My friend asked me a so called modified version of Monty Hall problem in his opinion. But I find the description a bit spooky and maybe someone here can enlighten us with what is the problem with the description of the problem, or maybe it is me missing something.
Imagine exactly same setting as in monthy hall problem with one difference. Imagine I randomly pick one card. Now, as opposed to the original problem, the show host doesn't know where the car is, and of the remaining two cards, he randomly picks a card: if it happens to be a goat the host shows us this card (as in original game), if it happens to be a car however, my friend said you "quit" the game (or don't consider such case). Now the question is same as in original problem, is it better for me to change my initial choice?
One problem with this description is mainly with the "quit" part. Does not this hinder the process of calculating whether we should switch or not?

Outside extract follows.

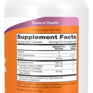 1 g carbohidratos, 400 mg concentrado de minerales traza, 5 kcal calorías, 55 mg sodio, 600 mg sulfato de condroitina sódica, 750 mg clorhidrato de glucosamina

How do you model the case the host quit the game (in calculating whether you should switch or not)?
He claimed that in such case, switching my initial choice doesn't give me any advantage anymore and made a simulation program as follows. He made 10000 experiments, where he was skipping the part where the host chose a car, so of course he was remained with 2/3 of the experiment test cases, and he claimed that now, since the number of matches the user made (1/3rd of 1000) is half of the number of remaining test cases(2/3rd of 1000- the ones where host didn't choose a car) - it is not advantageous anymore to change the card.

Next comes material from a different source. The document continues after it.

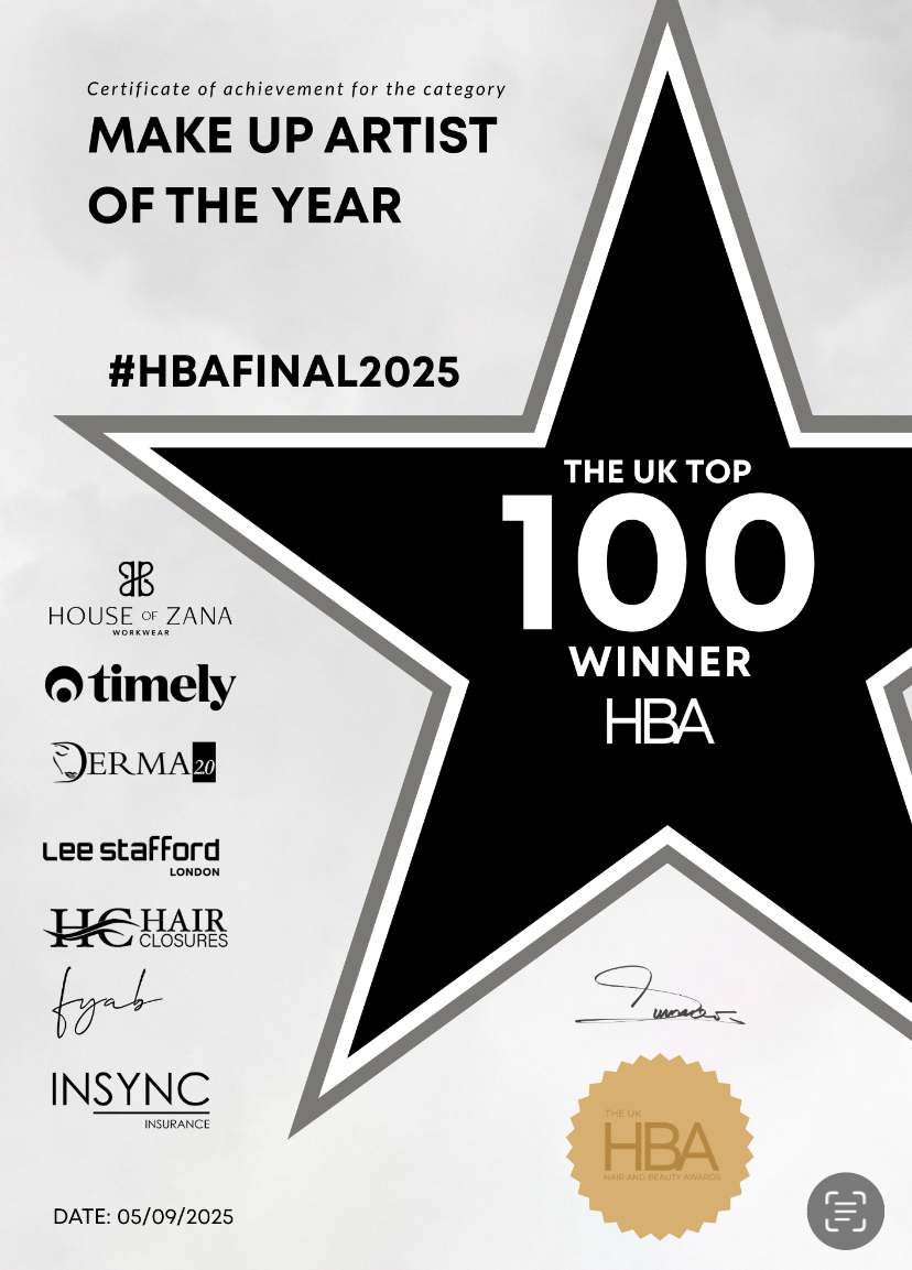 In 2025 I was placed in the Top 100 for makeup artist of the year at The Hair and Beauty Awards.

I am failing to find a flaw either in description in problem or in the implementation I mentioned above. Can someone help figure what is wrong with either the problem description or implementation?
I would appreciate some help because I got confused overall with the whole thing now (whereas I understand original monthy hall problem well).
PS. Here is the Java implementation actually: http://codepad.org/rt7fOqei, where he deduces that since match
is one half of count
, then it makes no sense to change my initial choice.